INDUSTRIAL APPLICABILITY

According to each aspect of the present invention, by using hydroxypropyl methylcellulose whose viscosity is within a predetermined range, highly palatable sponge cakes with improved swelling thereby favorable appearance and texture can be produced without impairing the original flavor of the sponge cakes in large quantities on an industrial scale by a simple all-in-mix method.

Claims

1. A method of producing a sponge cake, comprising foaming a dough composition comprising hydroxypropyl methylcellulose having a viscosity of 30 mPa·s to 800 mPa·s when measured with a viscometer at 20° C. using a 2% by mass aqueous solution, cereal flour comprising light flour, egg, sugar, an expander, edible oil and water by the all-in-mix method to obtain a cake dough, and baking the cake dough to obtain a sponge cake.

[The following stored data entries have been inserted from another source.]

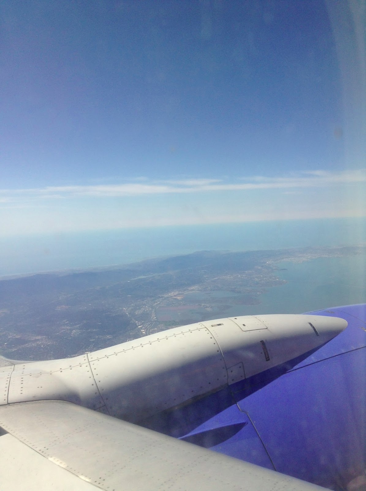 | Over San Fran. I could SEE the Golden Gate Bridge, but because of the thickness and angle of the airplane window, I could not get it in the frame. |
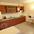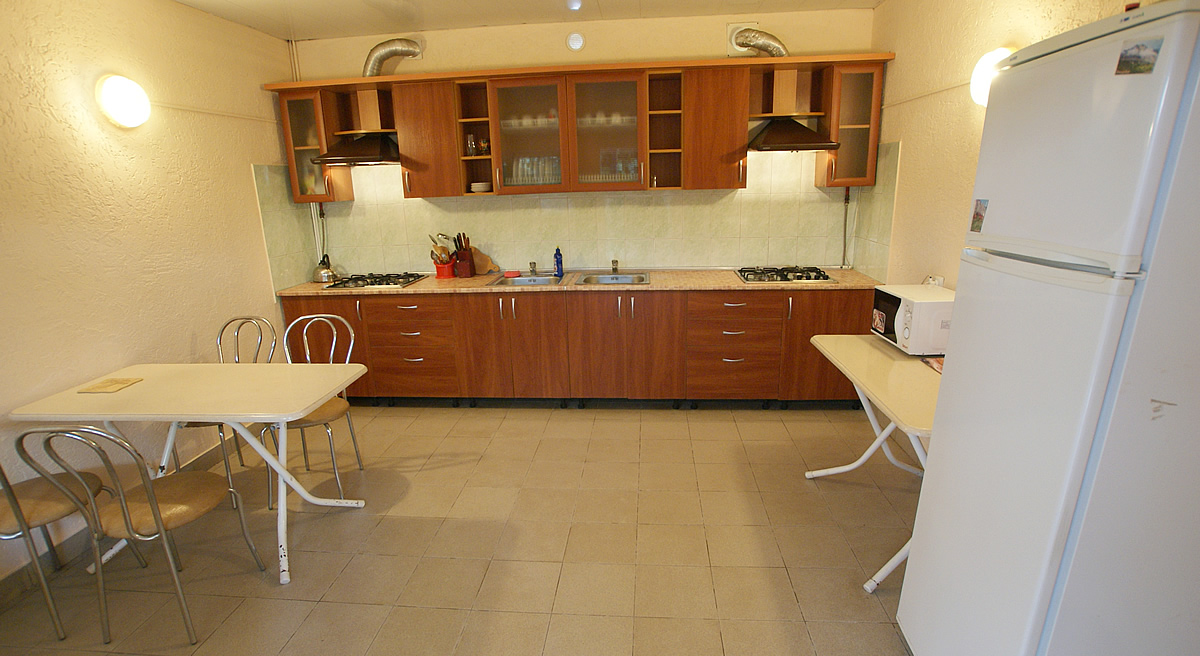 Для постояльцев номеров без кухни имеется общая большая и комфортная кухня, оборудованая кухонной мебелью и посудой. Холодильники, микроволновая печь, обеденные столы.
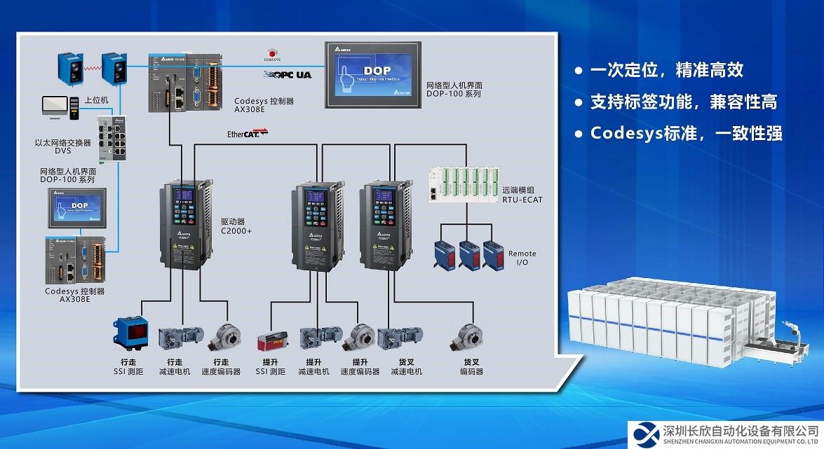 台达为化成库提供整体解决方案,可为控制设备提供高效的S型加减速控制曲线,模块化程序设计,移植性高,显著提升化成库的精度和效率。

2. The method of producing a sponge cake according to claim 1, wherein the content of hydroxypropyl methylcellulose is in the range between 0.05% by mass and 2% by mass relative to the total mass of the cake dough.

3. The method of producing a sponge cake according to claim 1, wherein the expander is an expander free from aluminum salt.

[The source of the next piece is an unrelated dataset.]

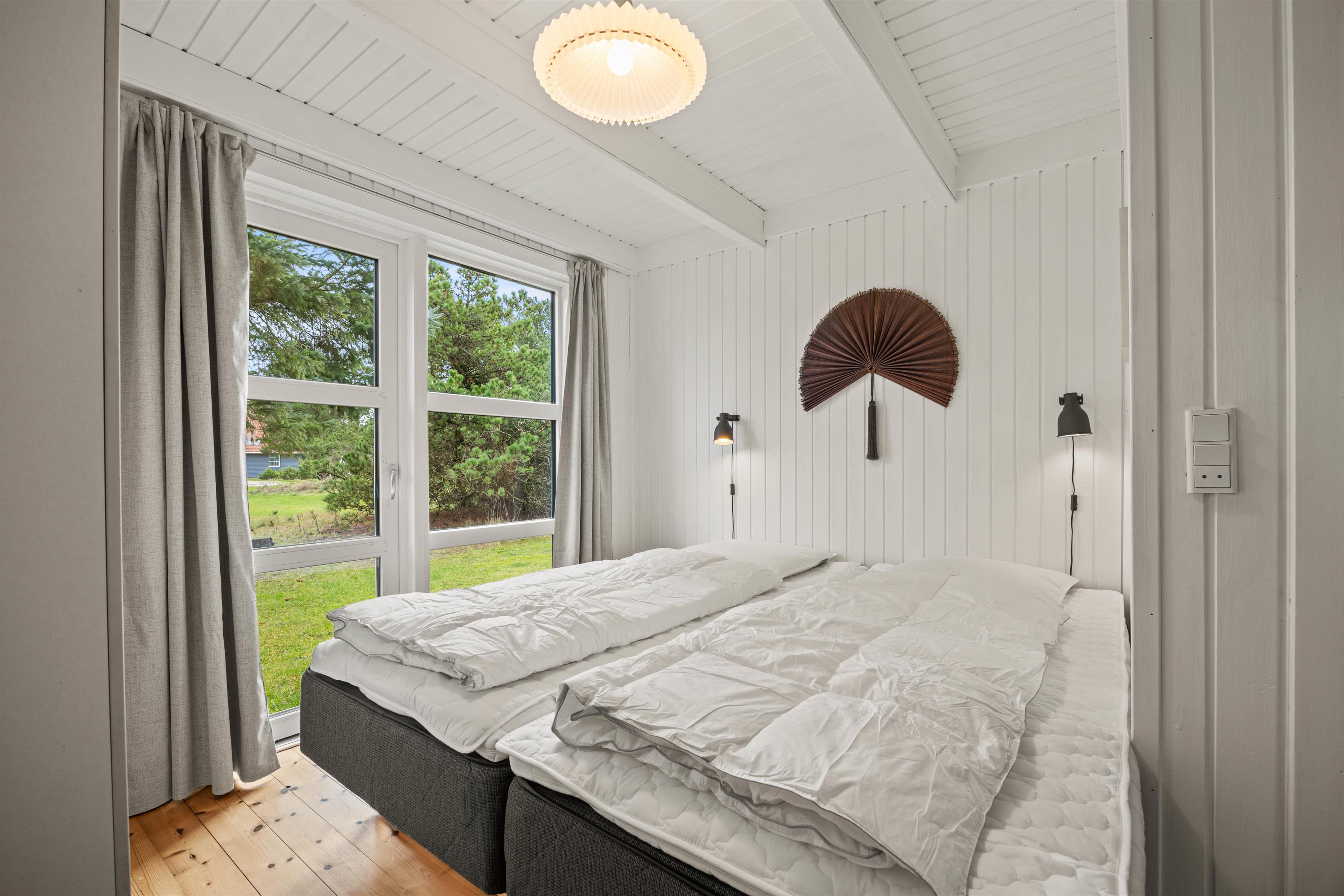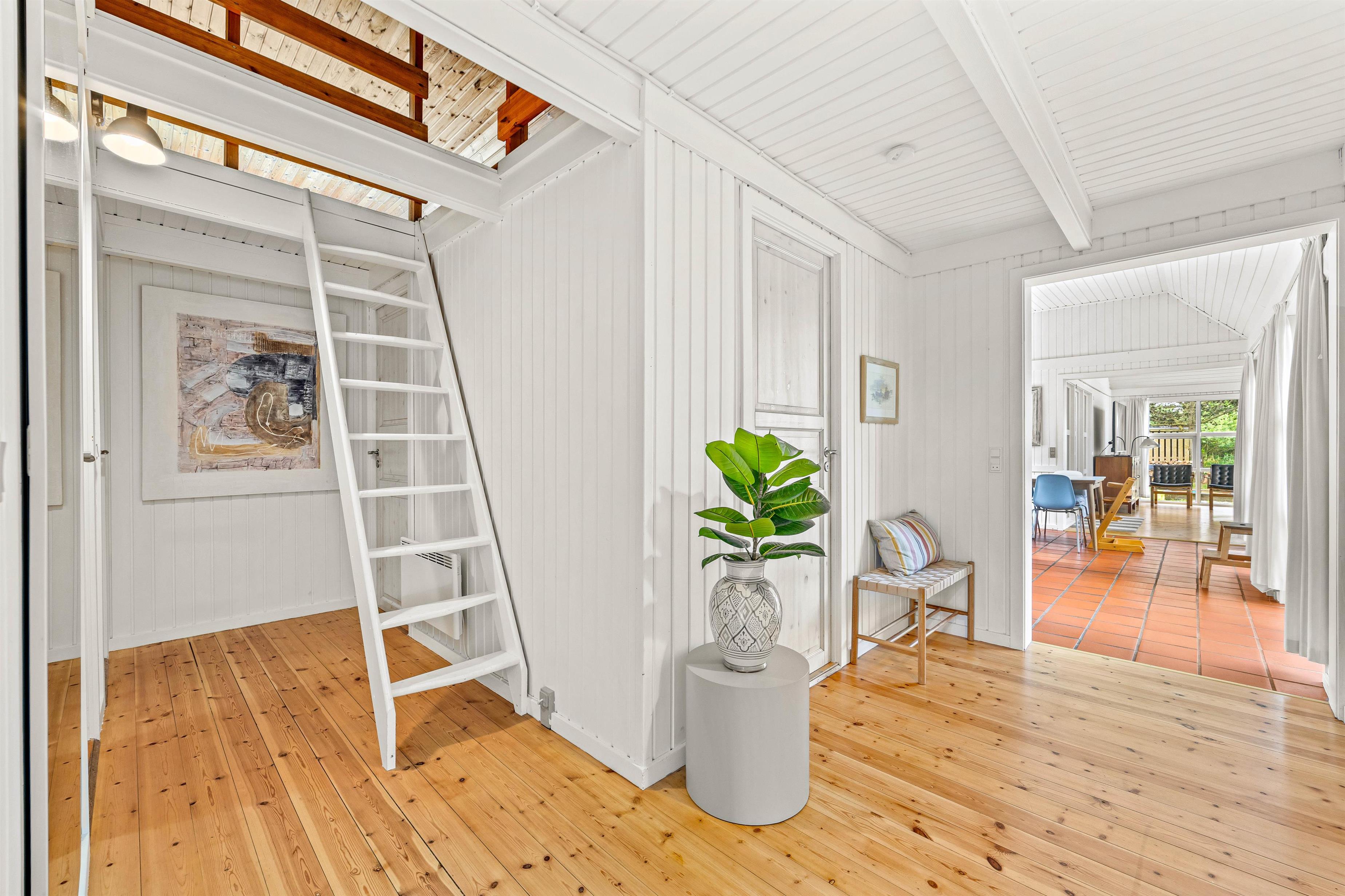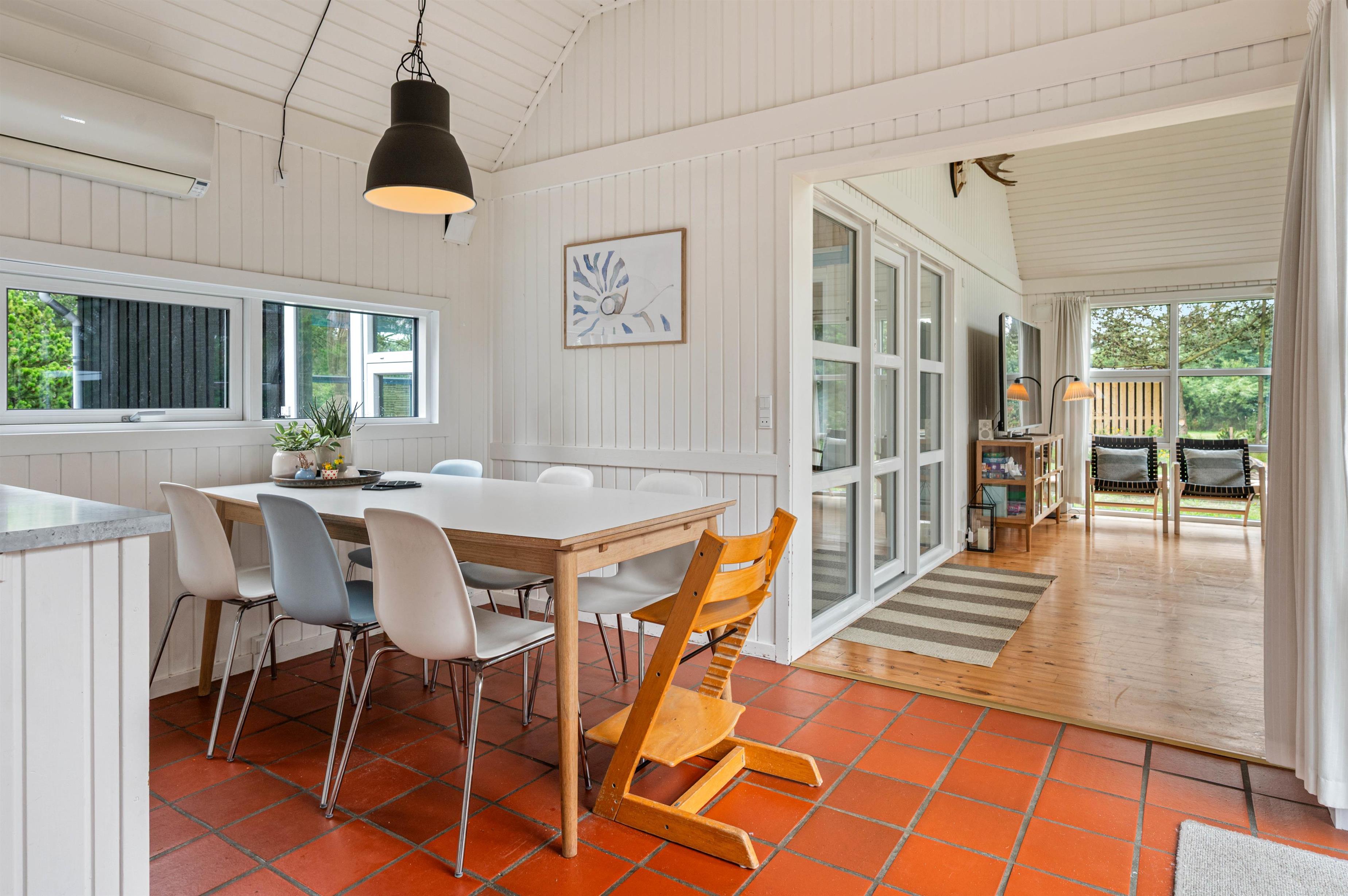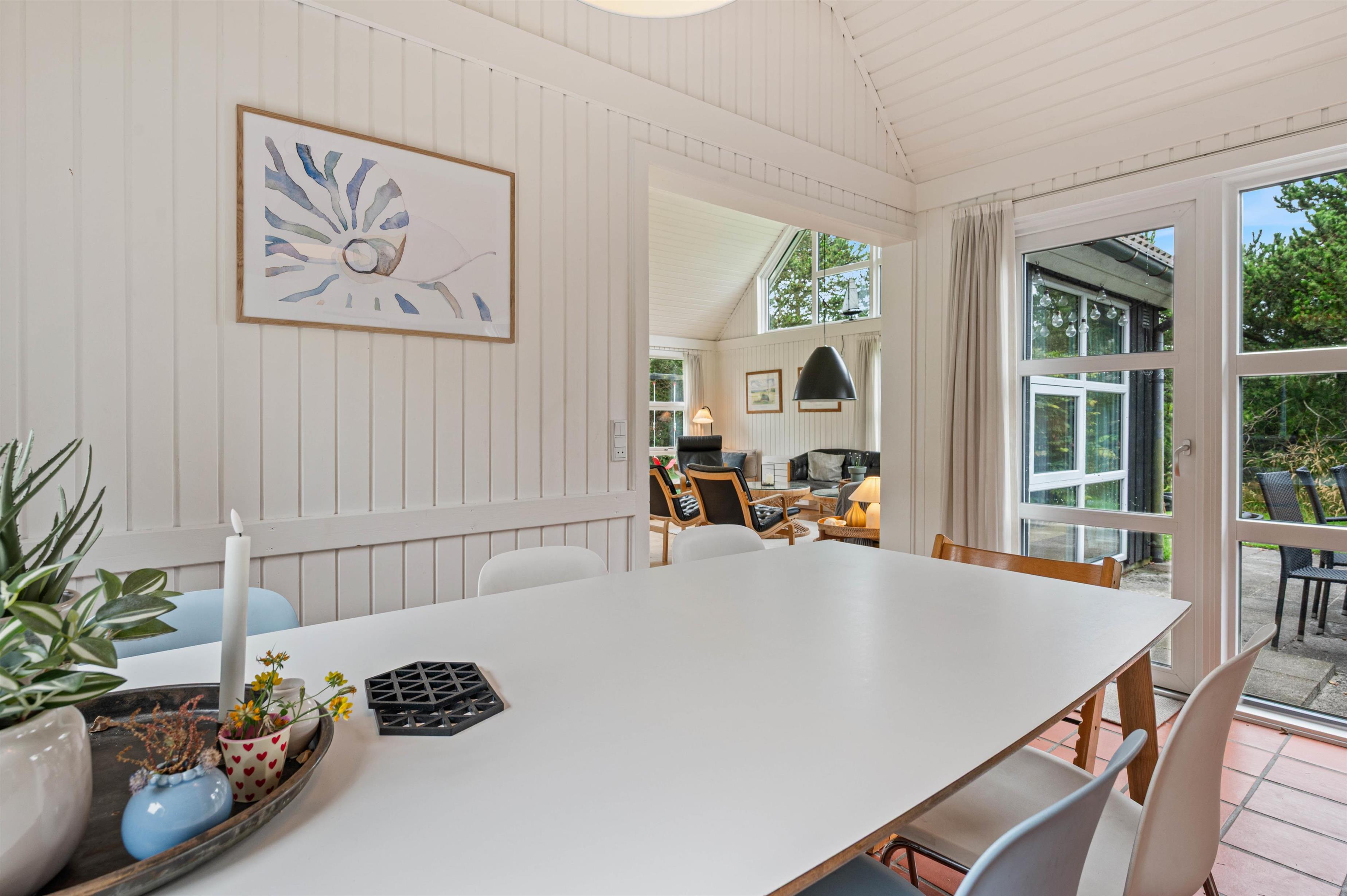 Hjertet af sommerhuset er stuen, hvor I straks vil føle jer hjemme. Rummet er indbydende og lyst grundet de mange vinduer og det hvidmalede træ, som i kombination med trægulvet skaber en hyggelig atmosfære. Tænd brændeovnen om aftenen og nyd dens varme, mens I streamer en film via Chromecast. I sommerhuset er der også danske tv-kanaler.

4. The method of producing a sponge cake according to claim 1, wherein the cereal flour is cereal flour comprising 75% by mass or more light flour.

5. The method of producing a sponge cake according to claim 1, wherein the cake dough has a water content of 120 parts by mass to 250 parts by mass relative to 100 parts by mass of the cereal flour.

6. A dough composition for sponge cake comprising hydroxypropyl methylcellulose having a viscosity of 30 mPa·s to 800 mPa·s when measured with a viscometer at 20° C. using a 2% by mass aqueous solution, cereal flour comprising light flour, sugar and an expander.

7. The dough composition for sponge cake according to claim 6, wherein the dough composition for sponge cake is in powder form.

8. The dough composition according to claim 6, wherein the composition is for improving the swelling of sponge cake.

9. A method for improving the swelling of sponge cake comprising using as a raw material hydroxypropyl methylcellulose having a viscosity of 30 mPa·s to 800 mPa·s when measured with a viscometer at 20° C. using a 2% by mass aqueous solution.